» YOUR ASSIGNMENT
Your copy should hold only the lines from the one with "Korean Food Bible" to the one with "Classic easy chair", both included, each exactly as it stands below, with no pictures.

» DATA FOR ANALYSIS
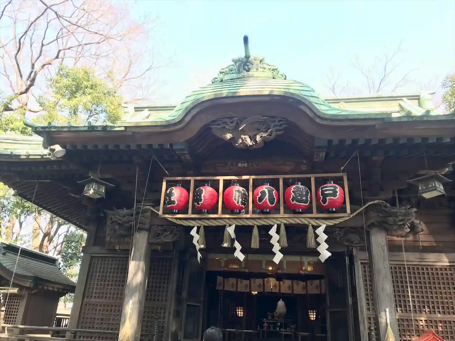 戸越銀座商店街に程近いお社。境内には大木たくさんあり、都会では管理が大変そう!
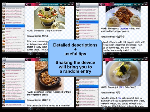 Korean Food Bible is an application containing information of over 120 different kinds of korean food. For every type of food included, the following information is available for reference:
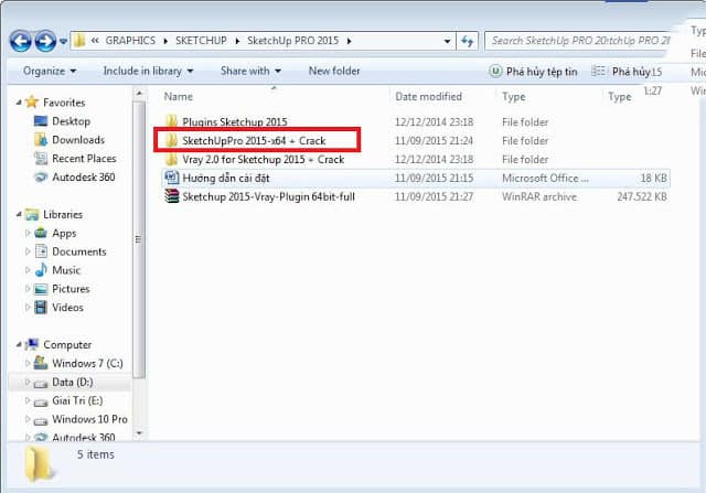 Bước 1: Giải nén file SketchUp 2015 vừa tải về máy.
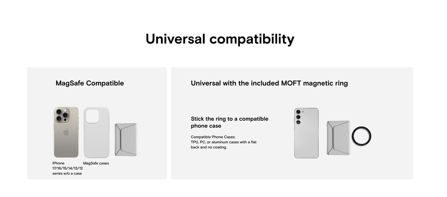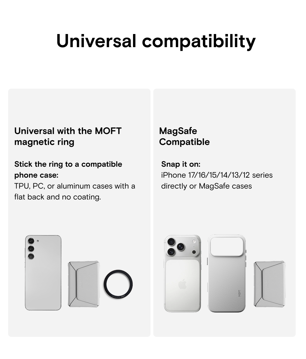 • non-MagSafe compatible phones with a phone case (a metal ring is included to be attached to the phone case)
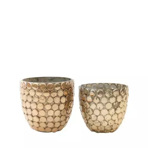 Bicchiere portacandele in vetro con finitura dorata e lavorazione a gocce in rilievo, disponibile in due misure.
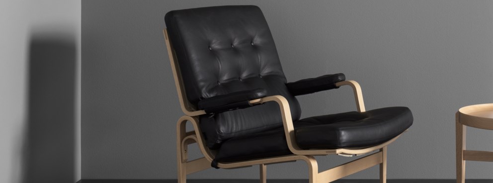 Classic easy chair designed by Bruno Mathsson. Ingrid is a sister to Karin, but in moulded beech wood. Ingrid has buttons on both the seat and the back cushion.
==
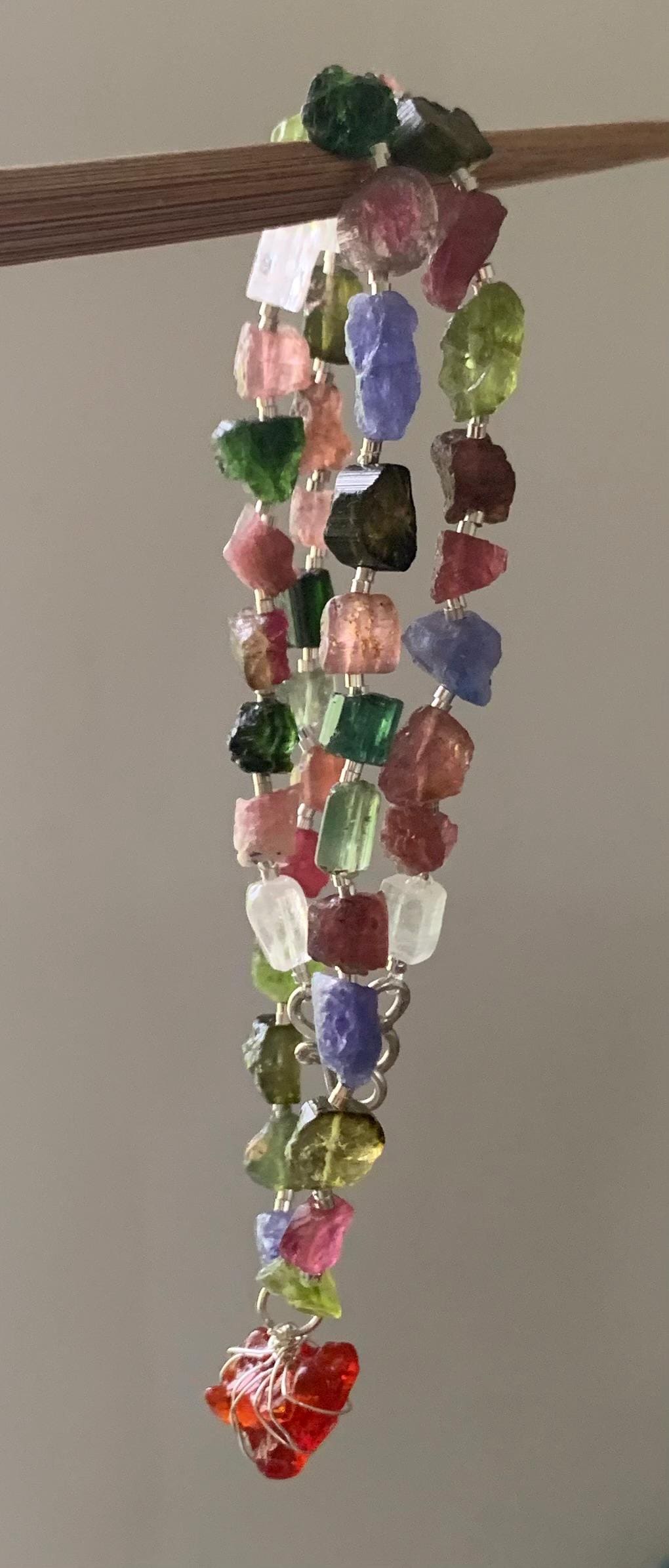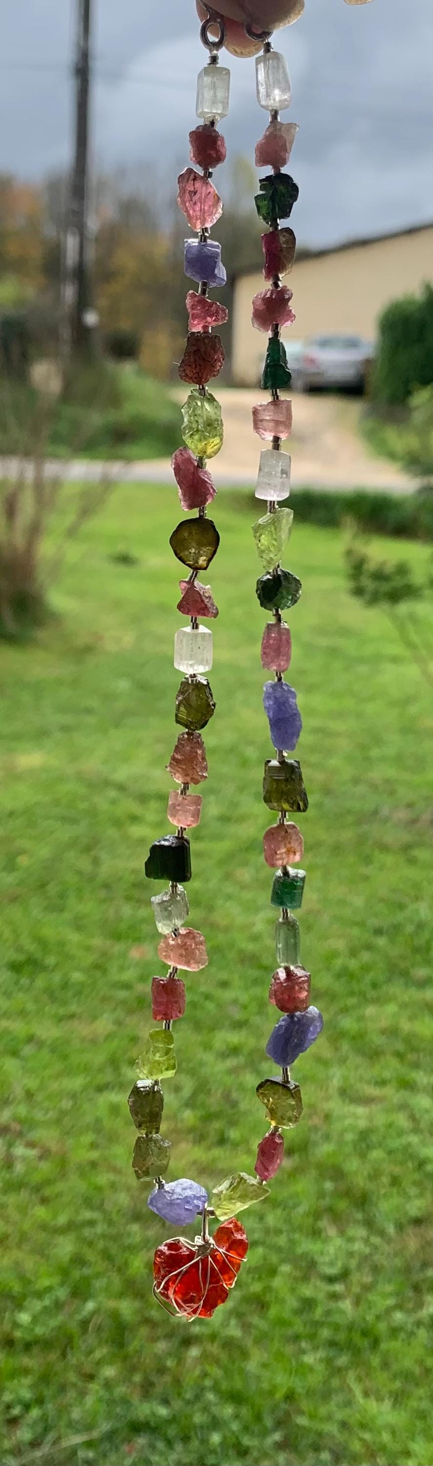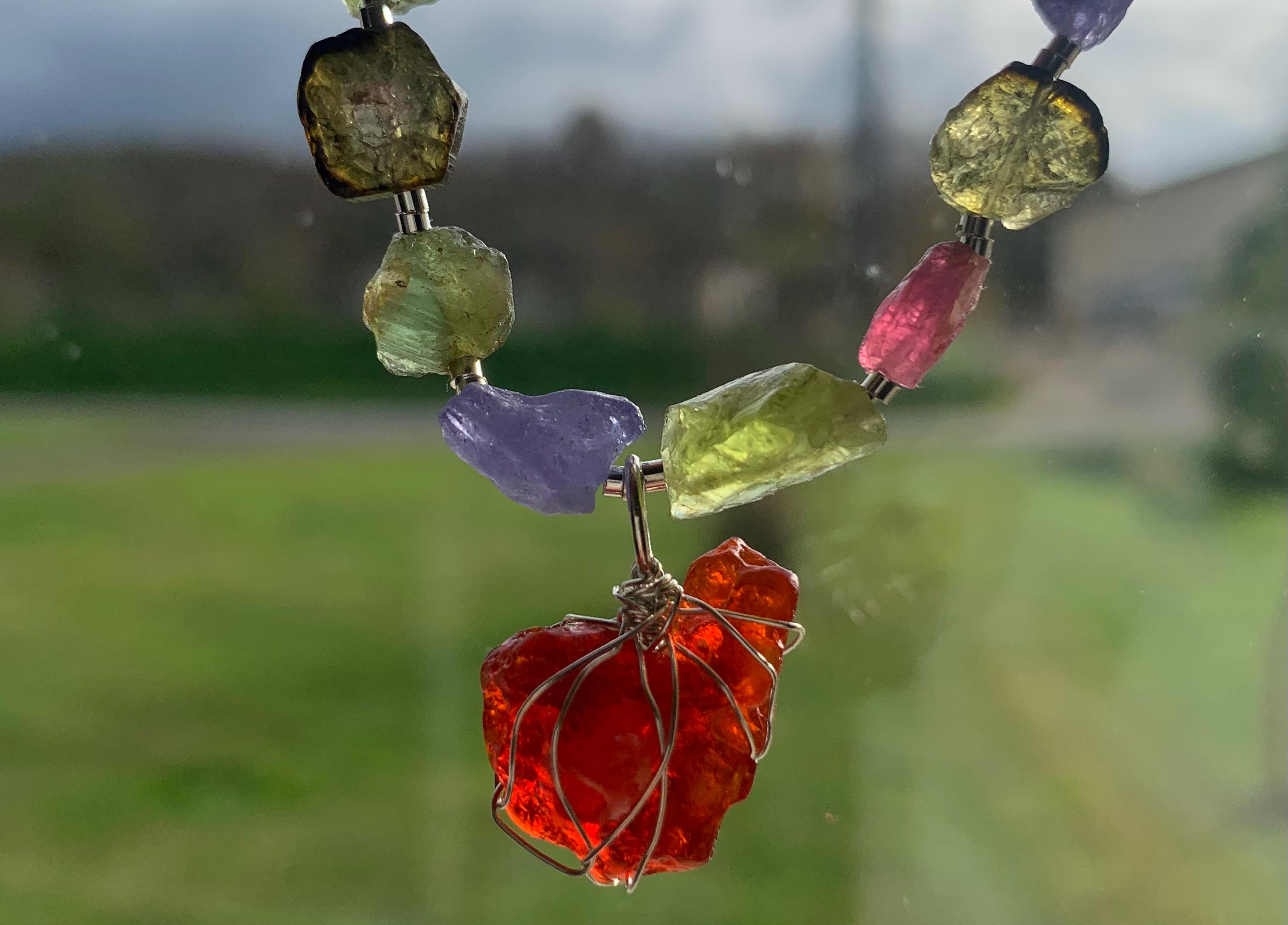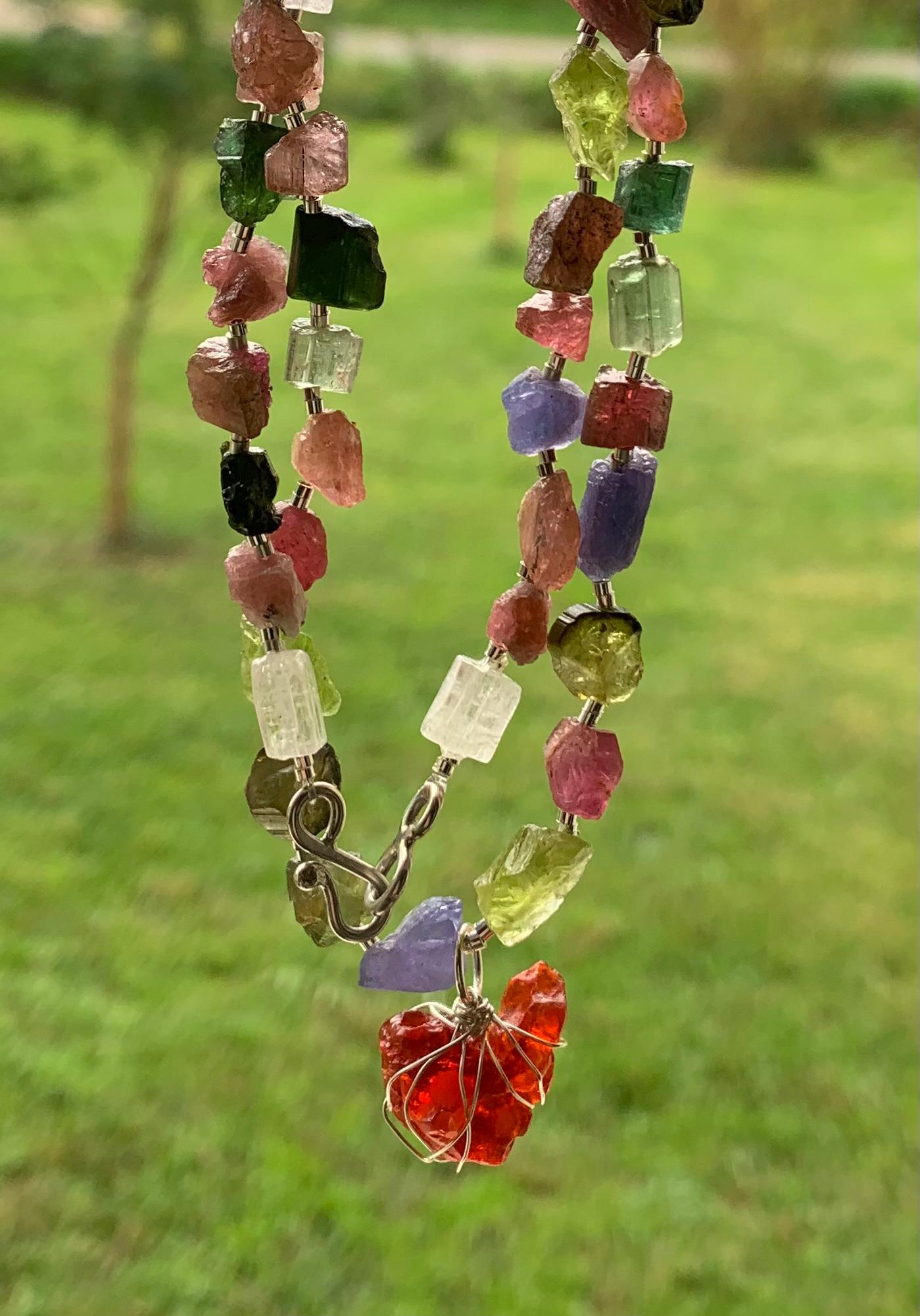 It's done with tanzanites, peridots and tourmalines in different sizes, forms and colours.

» EXERCISE OUTPUT
 Korean Food Bible is an application containing information of over 120 different kinds of korean food. For every type of food included, the following information is available for reference:
 Bước 1: Giải nén file SketchUp 2015 vừa tải về máy.
 • non-MagSafe compatible phones with a phone case (a metal ring is included to be attached to the phone case)
 Bicchiere portacandele in vetro con finitura dorata e lavorazione a gocce in rilievo, disponibile in due misure.
 Classic easy chair designed by Bruno Mathsson. Ingrid is a sister to Karin, but in moulded beech wood. Ingrid has buttons on both the seat and the back cushion.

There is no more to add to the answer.